- _Aim of the exercise_: From the line containing "6:20、市川駅停車中 東の方から明るくなってきました。 |" to the line containing "Kamalun (KAMALUN) retro" in the records below, set down every line exactly as it stands, both ends included, and skip the pictures.

[Collection entries]
----------------
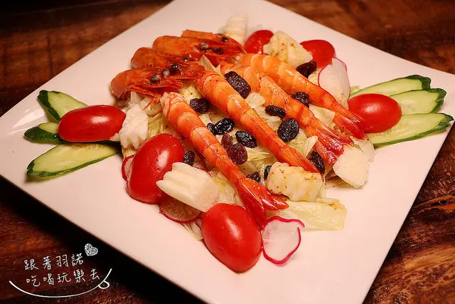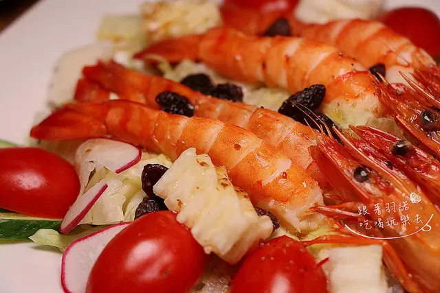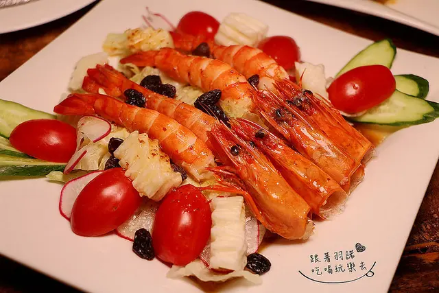 整桌的海鮮和肉肉也該吃點蔬菜調合一下了!!鮮脆的蔬果生菜上擺放鮮蝦 更貼心的是蝦子還事先去殼 非常方便食用
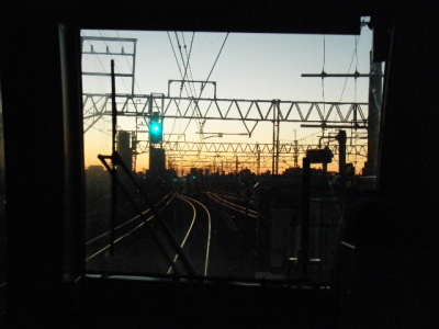 | 6:20、市川駅停車中 東の方から明るくなってきました。 |
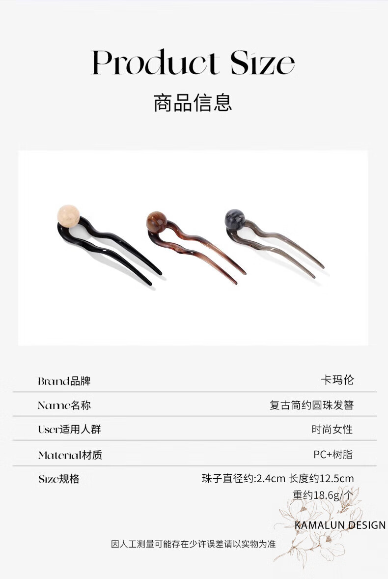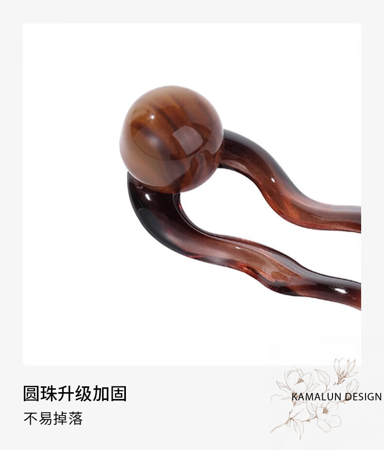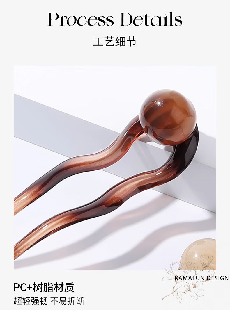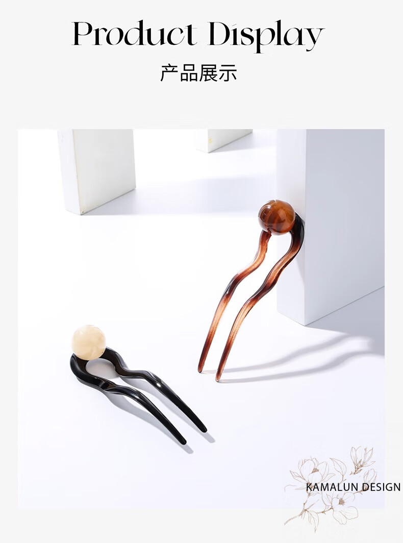 Kamalun (KAMALUN) retro U-shaped hairpin women's high-end hairpin 2025 new summer ball head hairpin hairpin at the back of the head gray black + brand gift box
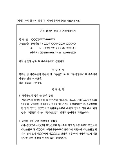 주요내용 : 자녀의 심리적 안정 등 복리를 위해 원래 사용하던 성과 본을 계속 사용하게 하기 위한 목적으로 사용되어지는 청구서 양식임. 단 무단전재 방지목적으로 PDF 파일로 올리니, 구매하신 후 혹 원본 파일이 필요하신 분들은 톡이나 문자, 메일, 전화 등을 주시면 작성방법 등에 대한 간단한 무료상담과 함께 원본 파일을 보내드리도록 하겠습니다.
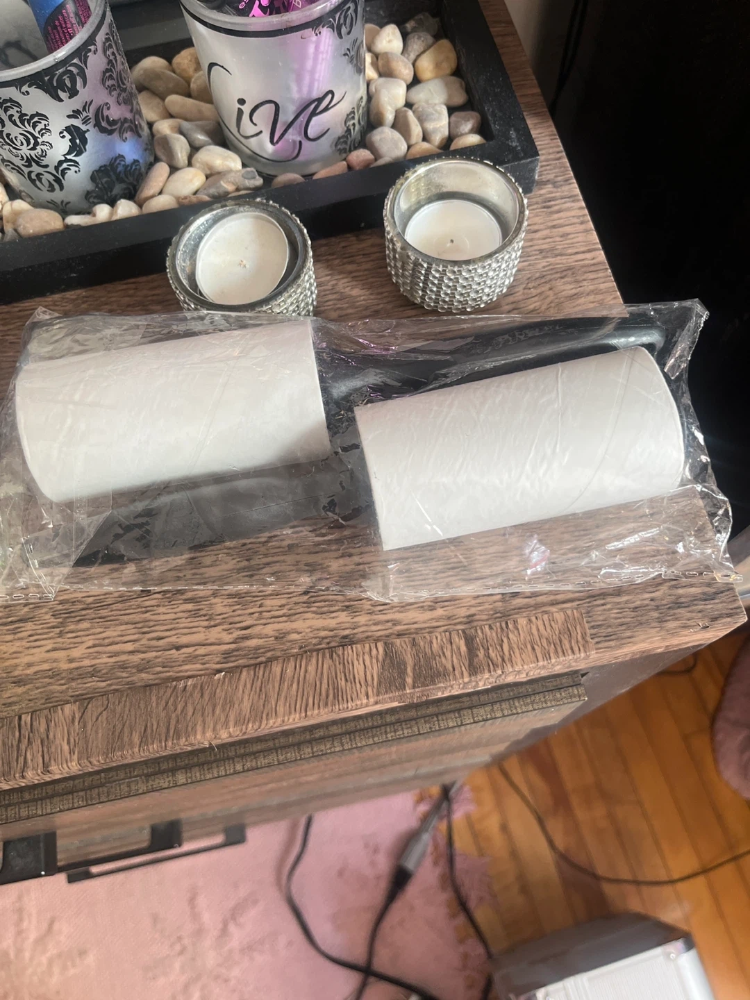 Two white lint roller refills, still in plastic packaging. These are standard-sized refills for most lint rollers. They're perfect for quickly cleaning up pet hair and lint from clothing and furniture. One full roller, and one replacement roll.
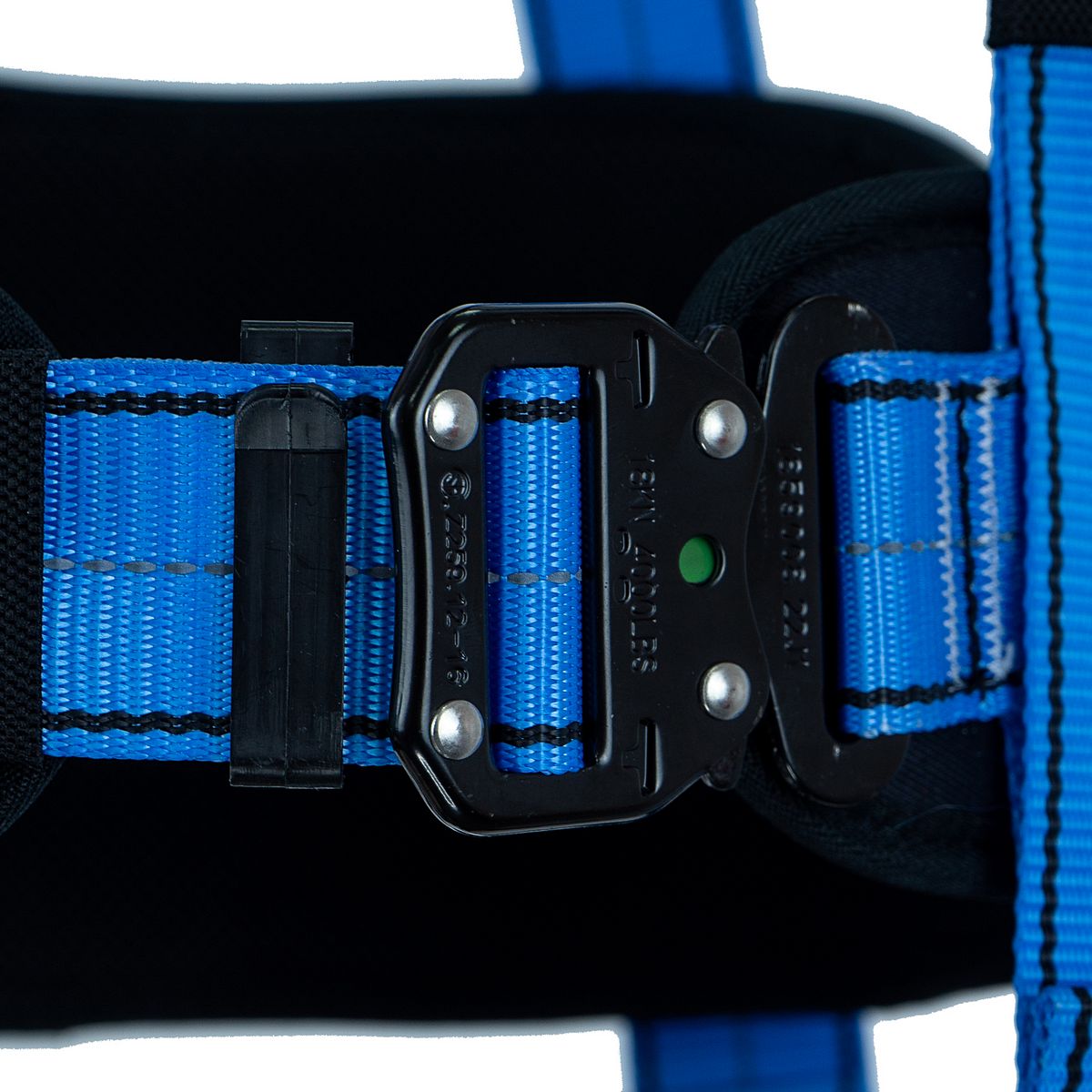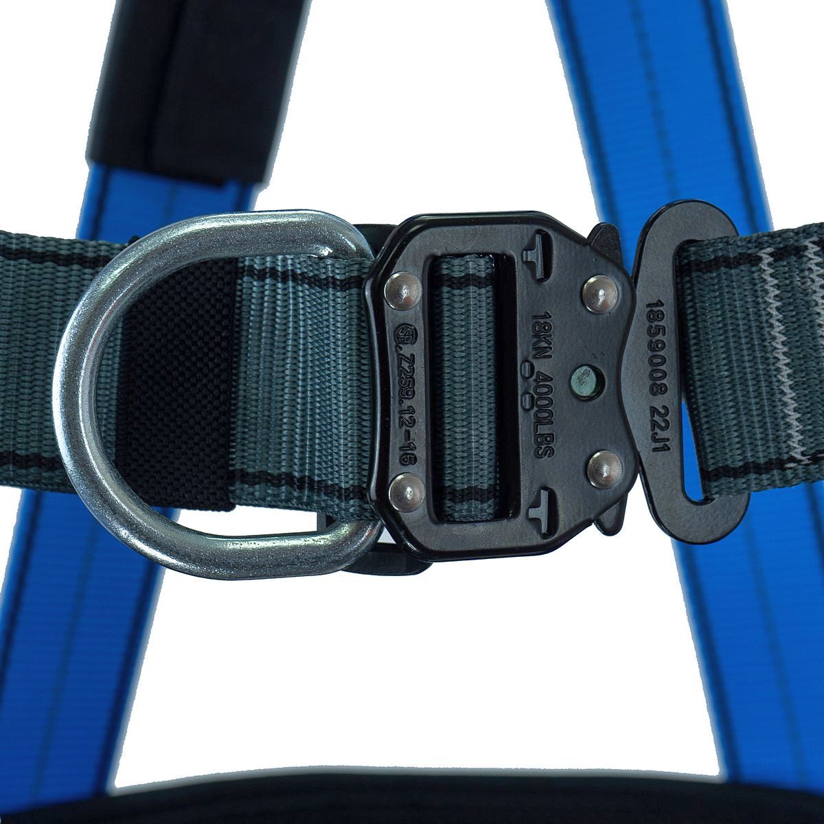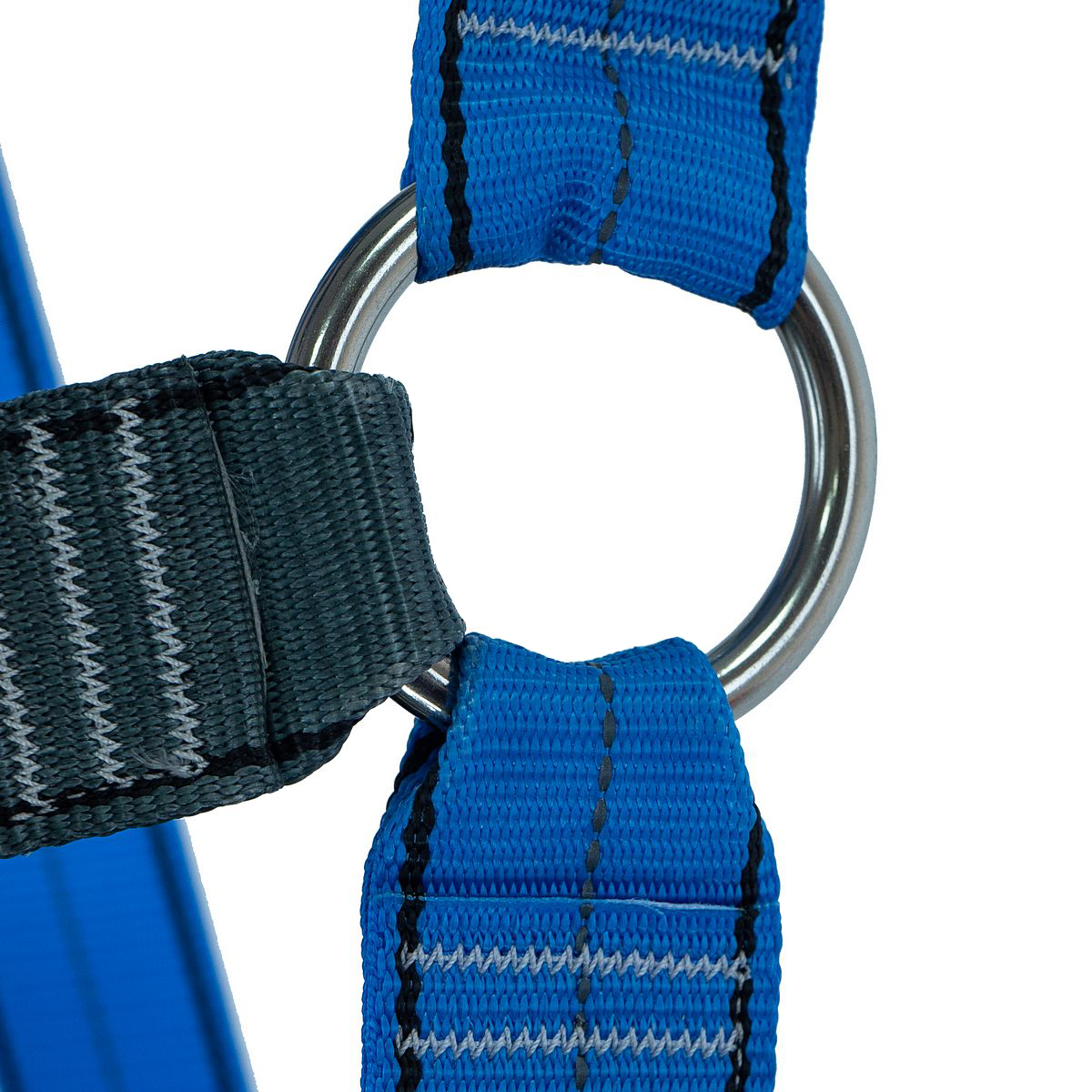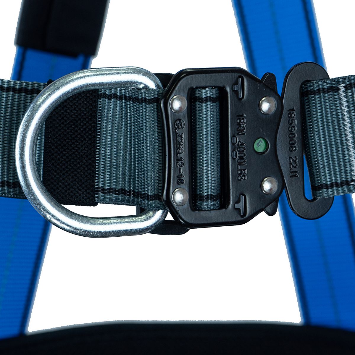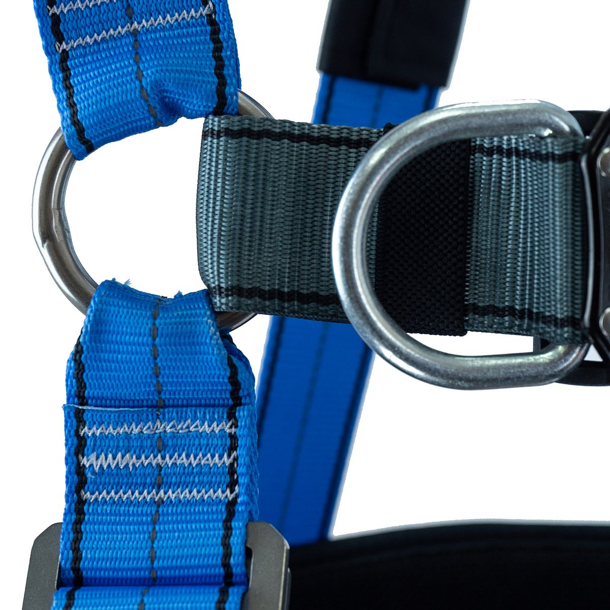 - три точки крепления страховочной подсистемы: D-образные кольца на груди и на спине, удлиняющий элемент «хлястик» на спине;
----------------
- _The answer_:
 | 6:20、市川駅停車中 東の方から明るくなってきました。 |
 Kamalun (KAMALUN) retro U-shaped hairpin women's high-end hairpin 2025 new summer ball head hairpin hairpin at the back of the head gray black + brand gift box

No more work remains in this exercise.